* AIM OF THE EXERCISE
Output the first line below and each one after it, exactly, up to and including the line holding "Eilyken 2025 Summer". Pictures should not be copied.

* THE RECORDS
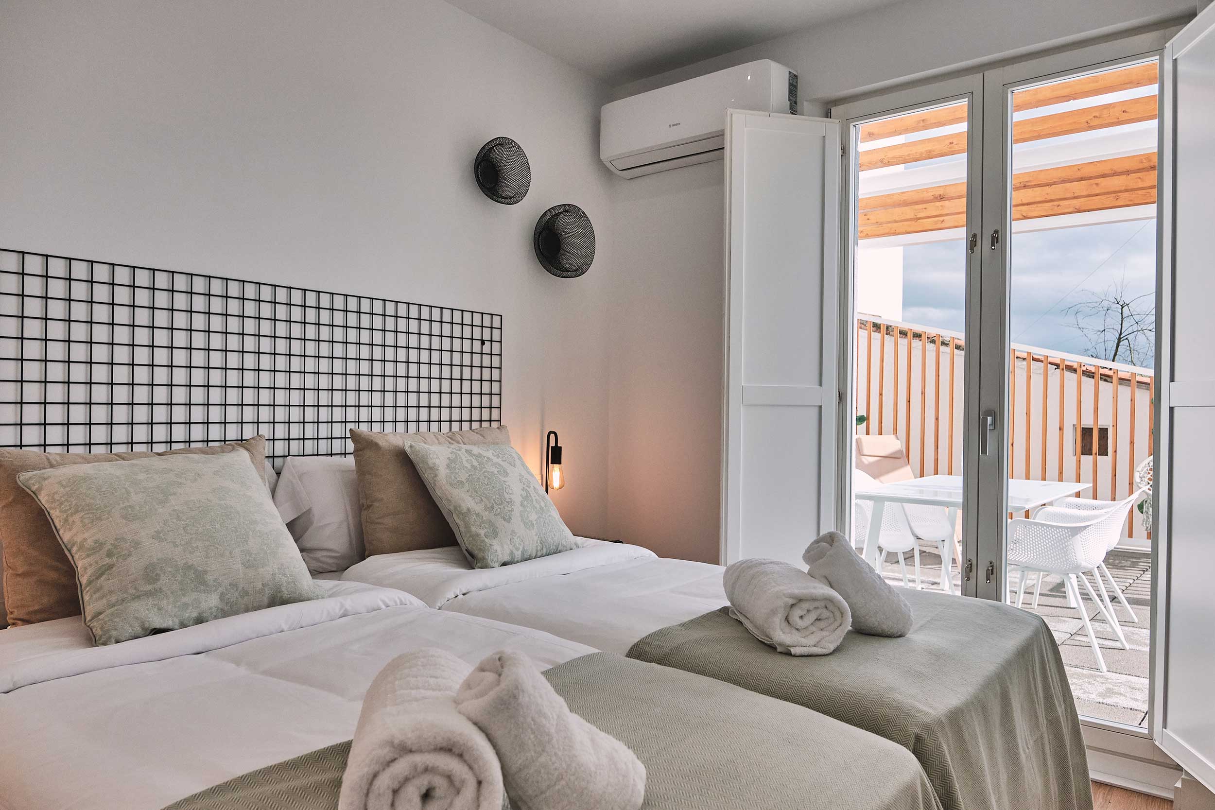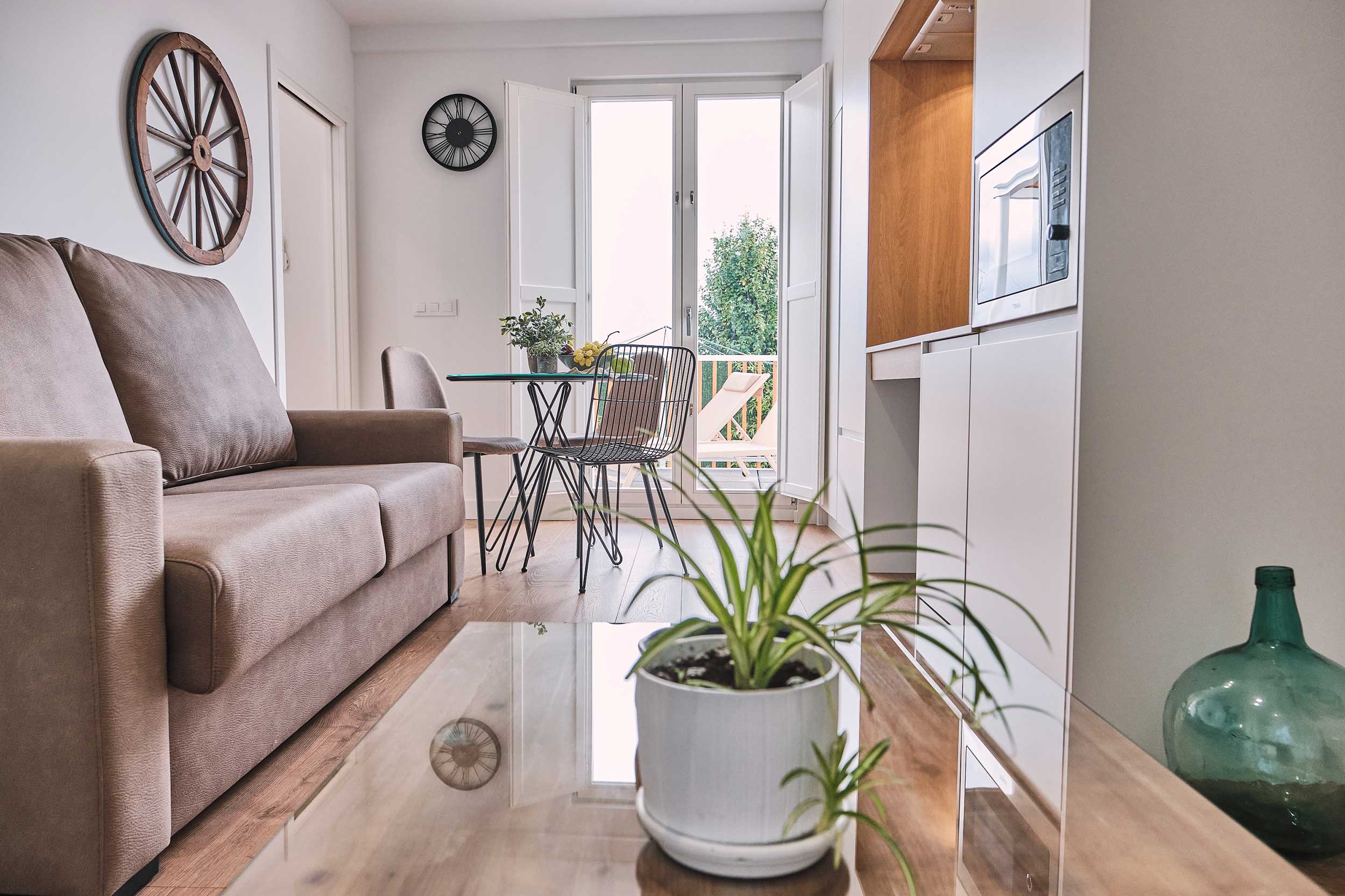 Nuestro apartamento familiar por excelencia, ideal para grupos grandes o dos parejas. Cuenta con dos dormitorios, uno con una cama doble grande y otro con dos camas individuales. Además, la sala de estar dispone de un sofá cama.
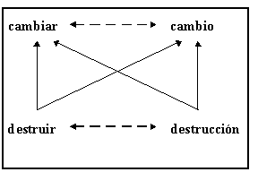 relaciones puede ser establecida, de forma transcategorial entre nombres y verbos. En la fig.
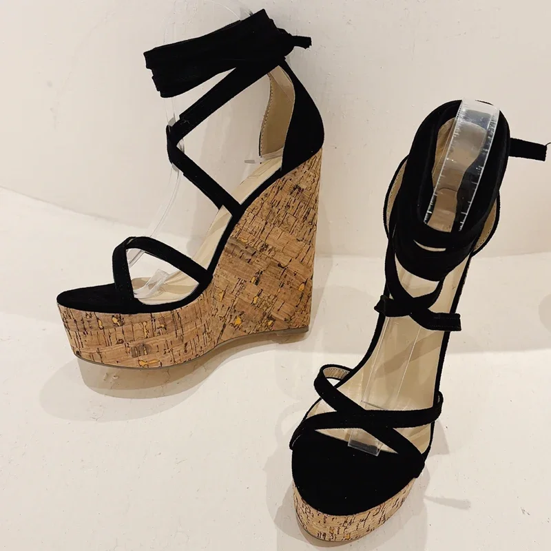 Eilyken 2025 Summer Fashion Ankle Lace-up Platform Wedges Women Sandals Hollow Out High Heels Open Toe Banquet Shoes
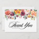 Skicka tack till gäster och kunder med det här anpassadet tack vare ditt kort. Den har vattenfärgsgarland av orange, burgundi, vit och rosa blommor med gröna accenter. Anpassa den här fallande blommigten tack genom att lägga till din egen händelseinformation. Det här vattenfärgkortet är perfekt för fallbröllop, möhippor, babyduschar och andra evenemang. falla bröllop,
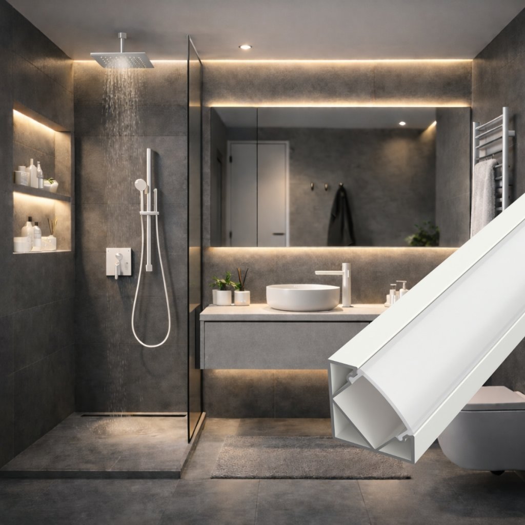 Perfect for kitchen under-cabinet lighting, shelves, display cases, and drywall installations. The Corner 1 profile provides a 45° light angle, ideal for illuminating work surfaces or highlighting architectural details with a clean and modern look.
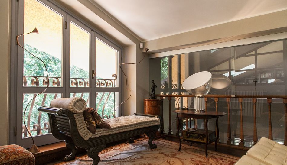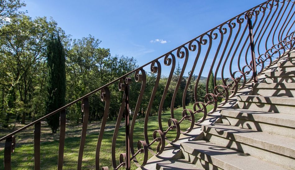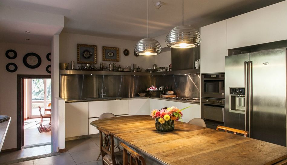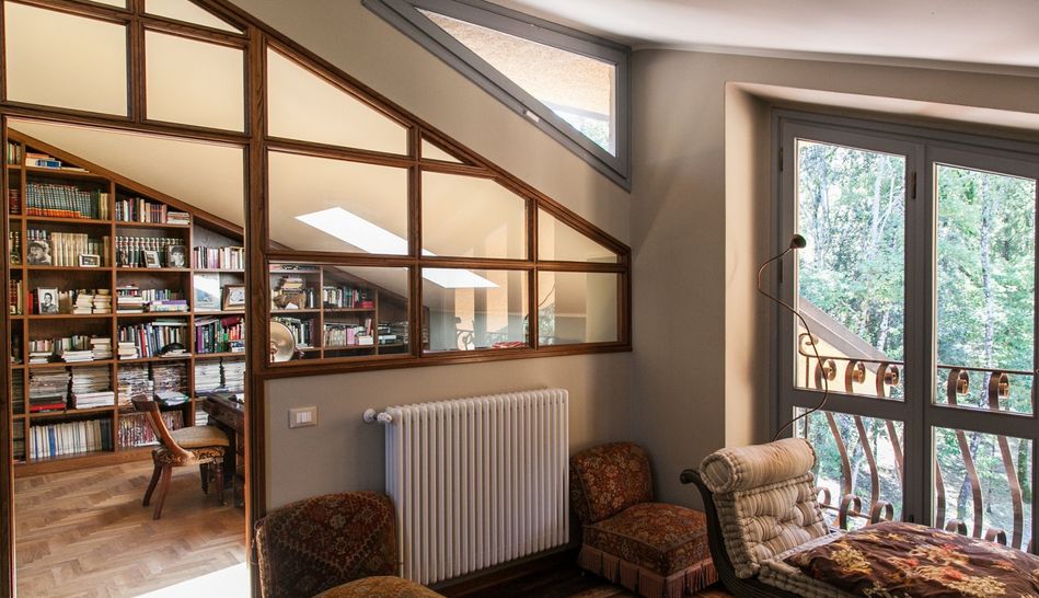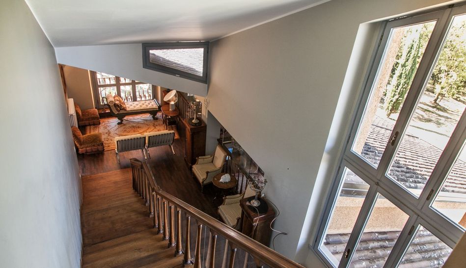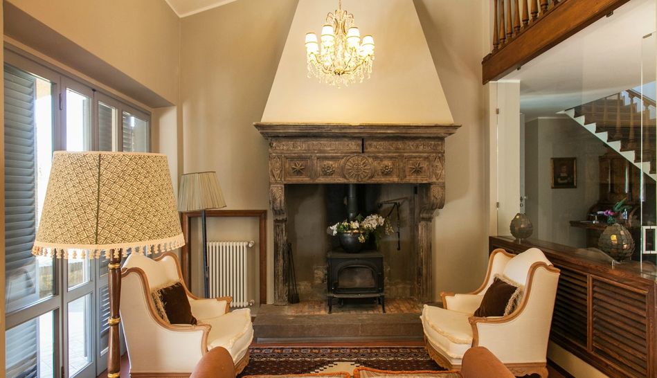 Even the interiors of the Villa, custom-made in solid chestnut by Tuscan craftsmen, are inspired by the design of Italian Rationalism: especially noteworthy are the majestic chestnut staircase that leads up to the first floor and the magnificent 17th-century Italian stone fireplace.
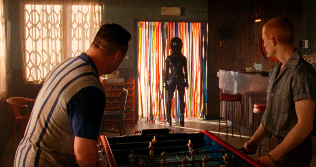 Still, while the style exuded here could be individually traced to any number of psychedelic European Bond knockoffs or Italian deep cuts, it is just as easily comparable to more popular films; there are Kubrickian zooms, roaming and hypnotic shots of black and white tile à la Twin Peaks, and a hyperreal, vibrant color palette that Argento would be proud of. And if not a direct influence, only Refn could fully appreciate placing the squeaking of Serpentik’s rubber so high in the mix.

* ANSWER BOX
 Nuestro apartamento familiar por excelencia, ideal para grupos grandes o dos parejas. Cuenta con dos dormitorios, uno con una cama doble grande y otro con dos camas individuales. Además, la sala de estar dispone de un sofá cama.
 relaciones puede ser establecida, de forma transcategorial entre nombres y verbos. En la fig.
 Eilyken 2025 Summer Fashion Ankle Lace-up Platform Wedges Women Sandals Hollow Out High Heels Open Toe Banquet Shoes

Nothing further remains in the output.